Fostering Kids provides a truly excellent training program for carers and they use material from this book. In particular Figure 1. Building Blocks of Treating Emotional Disturbance. This diagram shows the steps that must be in place or built into the relationship between the child and carer before moving on to the next step. In order these are:
- Safety
- Security
- Acceptance
- Belonging
- Trust
- Relationship
- Self-Awareness
- Personal Worth
I will not cover any more here, and thoroughly recommend you get a copy.
This is the second book Dave Ziegler Ph.D. published (2005) and it covers "How to win the battle of wills". This book is put together in a way that highlights many of the intensely practical and hard learned lessons that Dave and the team at Jasper Mountain have learned and share.
To whet your appetite let me share an insight from a section called "A Chance to Express What is Inside". As an adult you must help the child express what is going on inside.
Step #1 is to allow the child to express what she feels and thinks.
Step #2 is to let the child know that you are listening, and that what is going on with him matters to you.
It is not until Step #3 that you help the child express important issues in an acceptable way.
Many parents reverse the order of these three steps, and the result does not work for either the child or the adult. ... It is important that you really hear the child, which means that you listen deeper than what his or her words are saying. from pages 106 and 107.
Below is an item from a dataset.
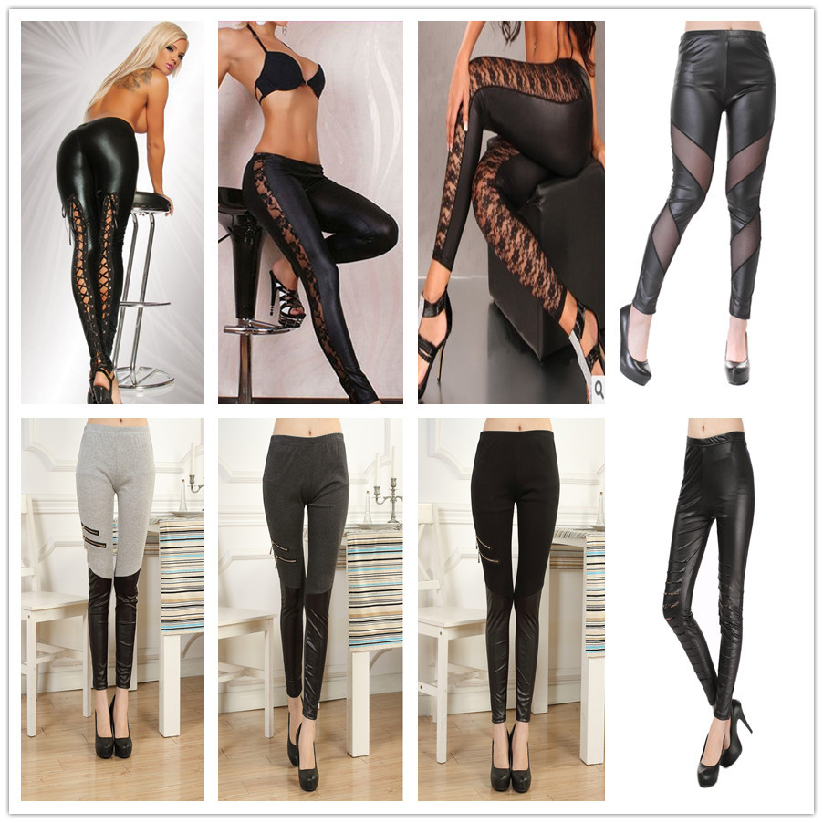 | nameOriginal | Stock handling European and American punk strap leather pants women's imitation leather stitching tight LEGGINGS nightclub dancing LEGGINGS |

Further on, Dave informs us: The principle job of a child is to learn and to enjoy the process. In other words, a child's job is to play. However, the ability to enjoy life and be playful is one of the first things to disappear when a child is traumatized. ... Hence ... For many traumatized children, recess is the most difficult time of the day.
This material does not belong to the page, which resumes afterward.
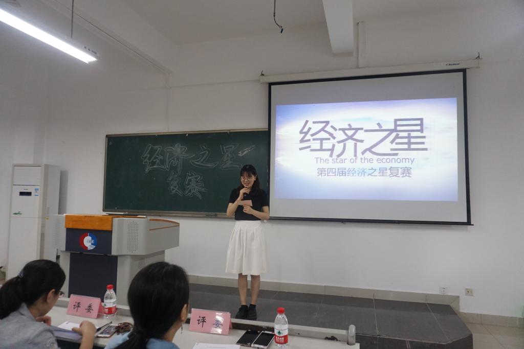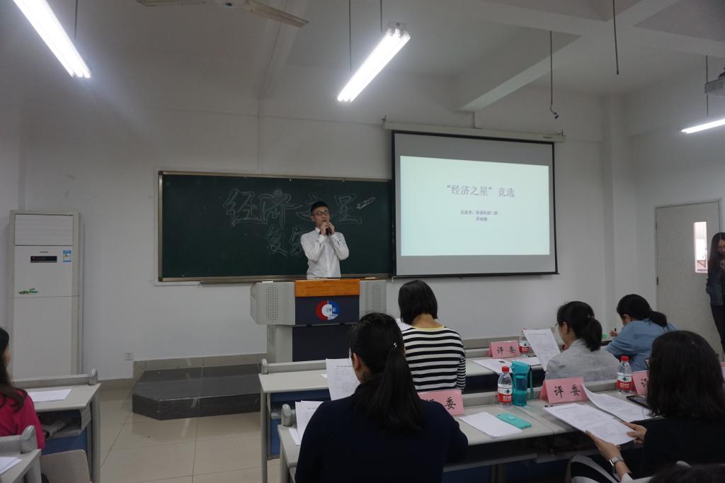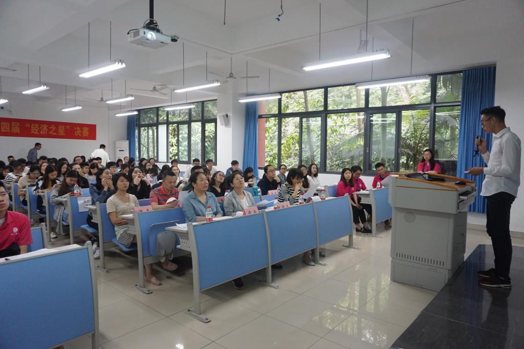 5月初,通过同学自荐、老师同学推荐等方式,确定候选名单,学院邀请教师代表对候选同学材料进行评选,最终确定12名同学进入决赛答辩。5月25日,第四届“经济之星”复赛在田家炳408举办,我院分党委于频副书记,贸经系主任杨海丽老师,国贸系王美英老师,经济系何泱泱老师,学团办主任杨华俊老师,分团委书记蒋敏老师及学团办辅导员老师们担任此次活动的专业评审,同时来自我院14、15级各班的大众评审共同参与了此次评选。决赛分为两个环节:PPT展示和现场答辩。PPT展示阶段,参加复赛的选手们对自己的实践经历、获奖情况等进行了展示。“学习之星”优异的成绩单、“实践之星”丰富的实践经验、“科技之星”充满创新意识的成果、“文艺之星”精彩的文艺展示、“公益之星”感人的志愿服务经历、“体育之星”曾获的众多比赛名次,都让在座的同学们深受鼓舞。现场答辩阶段,由评委老师们随机向选手进行提问,选手们的回答让现场响起阵阵掌声。

By the way, the title implies some children are impossible to raise. In this book and during our time at Jasper Mountain, Dave mentioned that out of the many hundreds of children he has worked with, he has yet to meet the impossible child. In typical character he is quick to acknowledge that as each new child enters the program, the question still remains - is this the one we cannot help? Jasper Mountain repeatedly tells us that learning is never done, each child is unique and they collectively are the best teachers.